What you are asked to do — Using the data below, reproduce exactly the lines from the line with "Alle plaggene er" to the line with "La superficie è", both included; pictures must be dropped.

====== Data extract ======

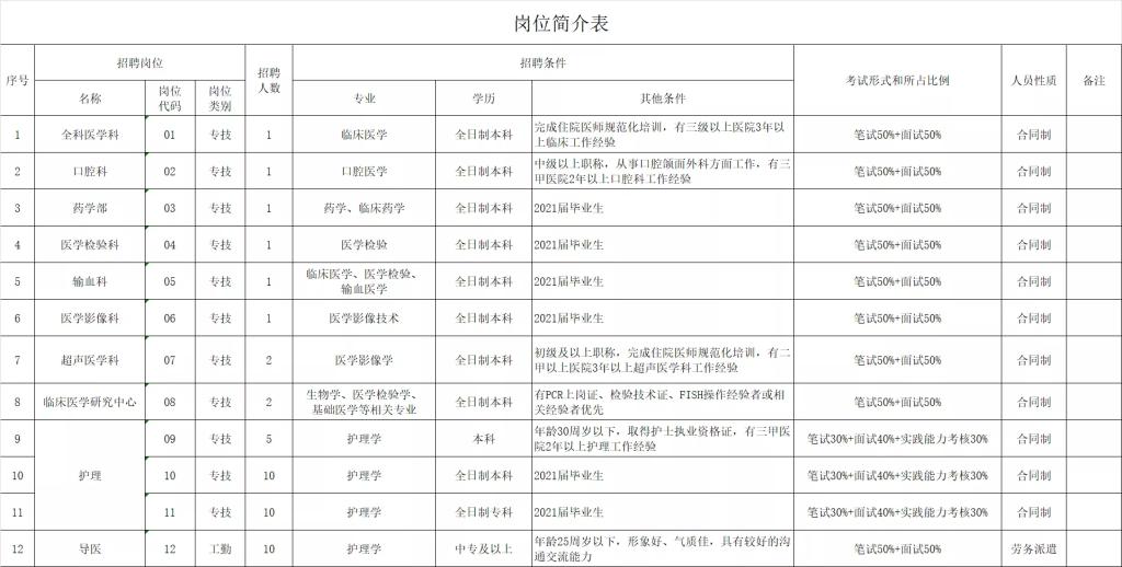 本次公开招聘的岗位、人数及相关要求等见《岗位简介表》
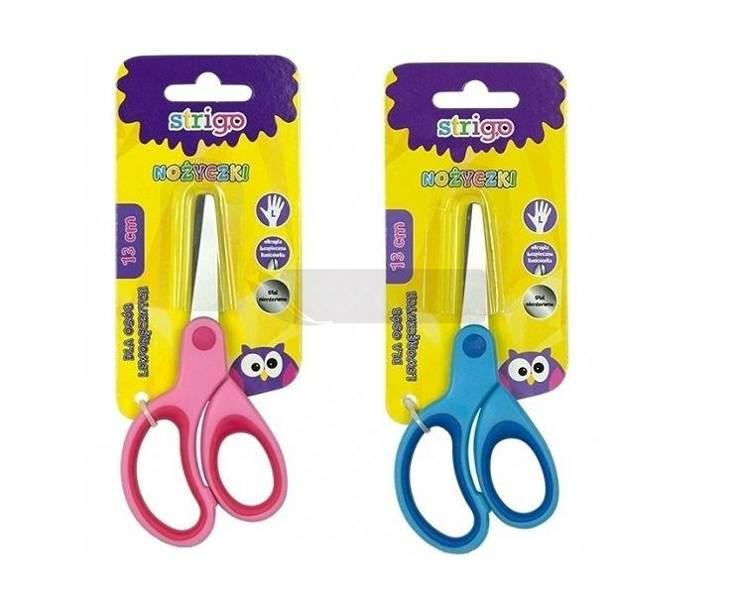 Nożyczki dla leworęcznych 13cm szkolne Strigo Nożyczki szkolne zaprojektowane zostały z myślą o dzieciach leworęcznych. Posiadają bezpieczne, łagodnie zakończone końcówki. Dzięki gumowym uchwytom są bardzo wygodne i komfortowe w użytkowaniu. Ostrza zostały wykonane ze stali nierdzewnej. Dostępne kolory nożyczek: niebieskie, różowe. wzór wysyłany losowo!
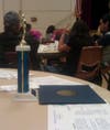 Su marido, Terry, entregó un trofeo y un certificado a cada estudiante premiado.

======
====== Data extract ======

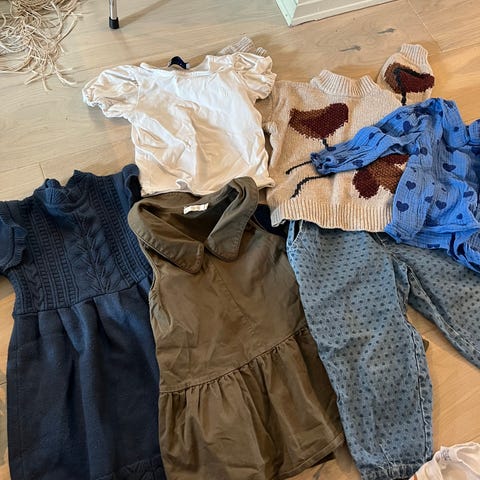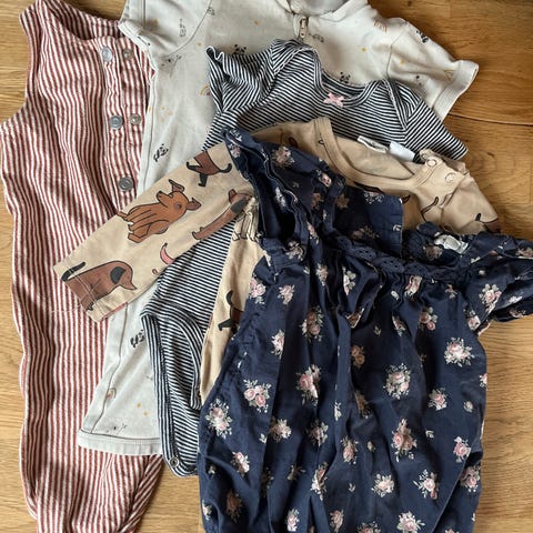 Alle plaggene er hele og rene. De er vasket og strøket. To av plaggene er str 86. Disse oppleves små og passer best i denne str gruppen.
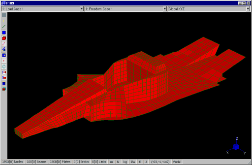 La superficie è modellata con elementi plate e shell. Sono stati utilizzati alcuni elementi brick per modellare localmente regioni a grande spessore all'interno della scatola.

======
====== Data extract ======

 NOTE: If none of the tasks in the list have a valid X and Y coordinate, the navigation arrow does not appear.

======

Response to this task —
 Alle plaggene er hele og rene. De er vasket og strøket. To av plaggene er str 86. Disse oppleves små og passer best i denne str gruppen.
 La superficie è modellata con elementi plate e shell. Sono stati utilizzati alcuni elementi brick per modellare localmente regioni a grande spessore all'interno della scatola.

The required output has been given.